**Data entries**
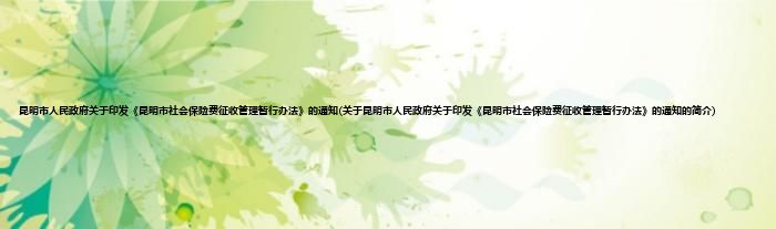 大家好,昆明市人民政府关于印发《昆明市社会保险费征收管理暂行办法》的通知,关于昆明市人民政府关于印发《昆明市社会保险费征收管理暂行办法》的通知的简介很多人还不知道,现在让我们一起来看看吧!
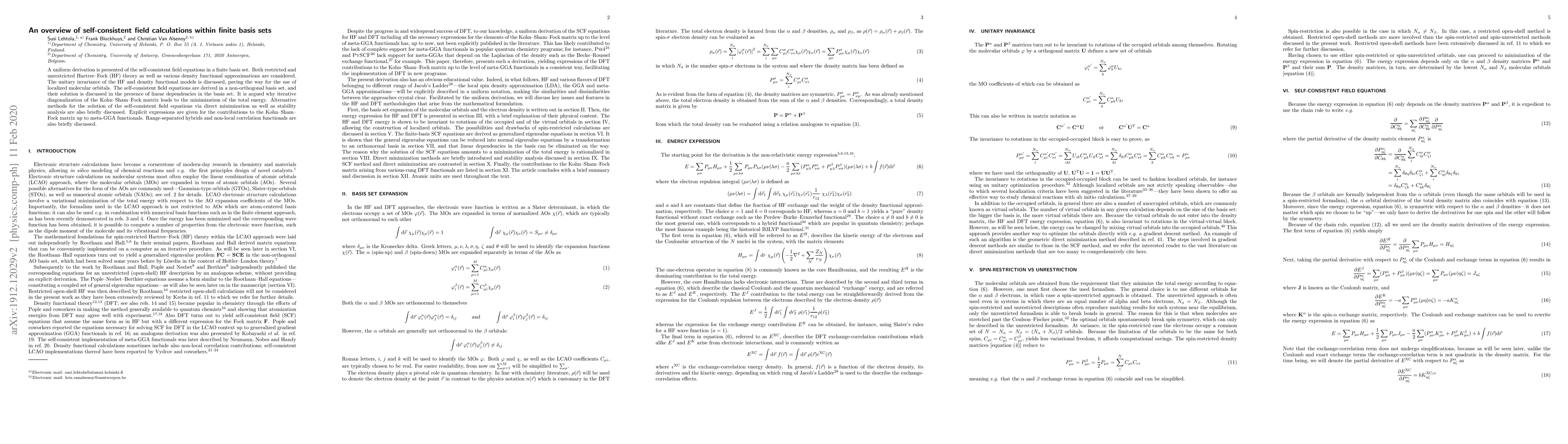 A uniform derivation is presented of the self-consistent field equations in a finite basis set. Both restricted and unrestricted Hartree-Fock (HF) theory as well as various density functional (DF) approximations are considered. The unitary invariance of the HF and DF models is discussed, paving the way for the use of localized molecular orbitals. The self-consistent field equations are derived in a non-orthogonal basis set, and their solution is discussed in the presence of linear dependencies in the basis set. It is argued why iterative diagonalization of the Kohn-Sham-Fock matrix leads to the minimization of the total energy. Alternative methods for the solution of the self-consistent field equations via direct minimization as well as stability analysis are also briefly discussed. Explicit expressions are given for the contributions to the Kohn-Sham-Fock matrix up to meta-GGA functionals. Range-separated hybrids and non-local correlation functionals are also briefly discussed.
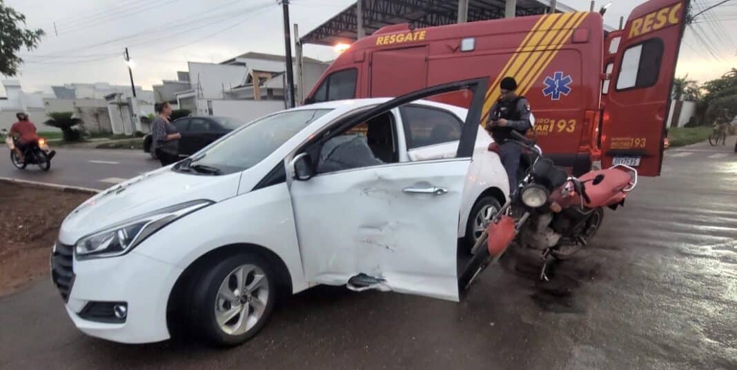 A colisão foi entre um veículo HB20 branco e uma moto Titan vermelha, no cruzamento da rua dos Guarantãs com Buritis, no Jardim Maringá. Os bombeiros socorreram duas pessoas que estavam na moto.
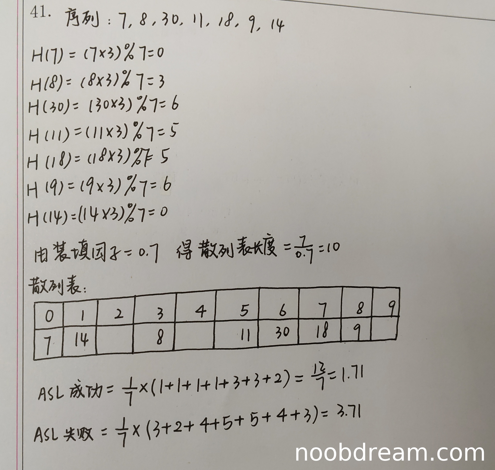学生正确计算了散列函数值,确定了散列表长度为10(7/0.7=10),并正确使用线性探测法处理冲突构建了散列表。表格内容与标准答案完全一致:0号位置为7,1号位置为14,3号位置为8,5号位置为11,6号位置为30,7号位置为18,8号位置为9,其余位置为空。得6分。
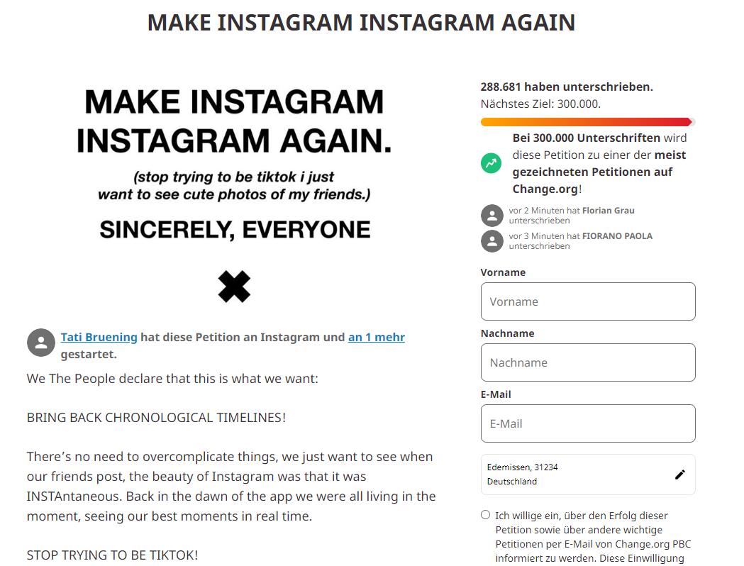 Bei Instagram jedenfalls hat Meta überzogen. Insbesondere Fotokünstler sind gegen die Integration von Videos auf die Barrikaden gegangen. Sie befürchteten, dass ihre Werke in einem Video-Newsfeed nicht mehr die angemessene Beachtung finden würden und starteten die Petition „Make Instagram Instagram again“. Kurz nachdem sich die Top-Influencerin Kylie Jenner der Petition angeschlossen hatte, verkündete der Instagram-Chef Adam Mosseri eine Rücknahme der Neuerungen – vorerst. (jo@ct.de)

**Problem to solve**
Each entry is to be given again exactly as it stands, with its pictures removed.

**Response to the task**
 大家好,昆明市人民政府关于印发《昆明市社会保险费征收管理暂行办法》的通知,关于昆明市人民政府关于印发《昆明市社会保险费征收管理暂行办法》的通知的简介很多人还不知道,现在让我们一起来看看吧!
 A uniform derivation is presented of the self-consistent field equations in a finite basis set. Both restricted and unrestricted Hartree-Fock (HF) theory as well as various density functional (DF) approximations are considered. The unitary invariance of the HF and DF models is discussed, paving the way for the use of localized molecular orbitals. The self-consistent field equations are derived in a non-orthogonal basis set, and their solution is discussed in the presence of linear dependencies in the basis set. It is argued why iterative diagonalization of the Kohn-Sham-Fock matrix leads to the minimization of the total energy. Alternative methods for the solution of the self-consistent field equations via direct minimization as well as stability analysis are also briefly discussed. Explicit expressions are given for the contributions to the Kohn-Sham-Fock matrix up to meta-GGA functionals. Range-separated hybrids and non-local correlation functionals are also briefly discussed.
 A colisão foi entre um veículo HB20 branco e uma moto Titan vermelha, no cruzamento da rua dos Guarantãs com Buritis, no Jardim Maringá. Os bombeiros socorreram duas pessoas que estavam na moto.
学生正确计算了散列函数值,确定了散列表长度为10(7/0.7=10),并正确使用线性探测法处理冲突构建了散列表。表格内容与标准答案完全一致:0号位置为7,1号位置为14,3号位置为8,5号位置为11,6号位置为30,7号位置为18,8号位置为9,其余位置为空。得6分。
 Bei Instagram jedenfalls hat Meta überzogen. Insbesondere Fotokünstler sind gegen die Integration von Videos auf die Barrikaden gegangen. Sie befürchteten, dass ihre Werke in einem Video-Newsfeed nicht mehr die angemessene Beachtung finden würden und starteten die Petition „Make Instagram Instagram again“. Kurz nachdem sich die Top-Influencerin Kylie Jenner der Petition angeschlossen hatte, verkündete der Instagram-Chef Adam Mosseri eine Rücknahme der Neuerungen – vorerst. (jo@ct.de)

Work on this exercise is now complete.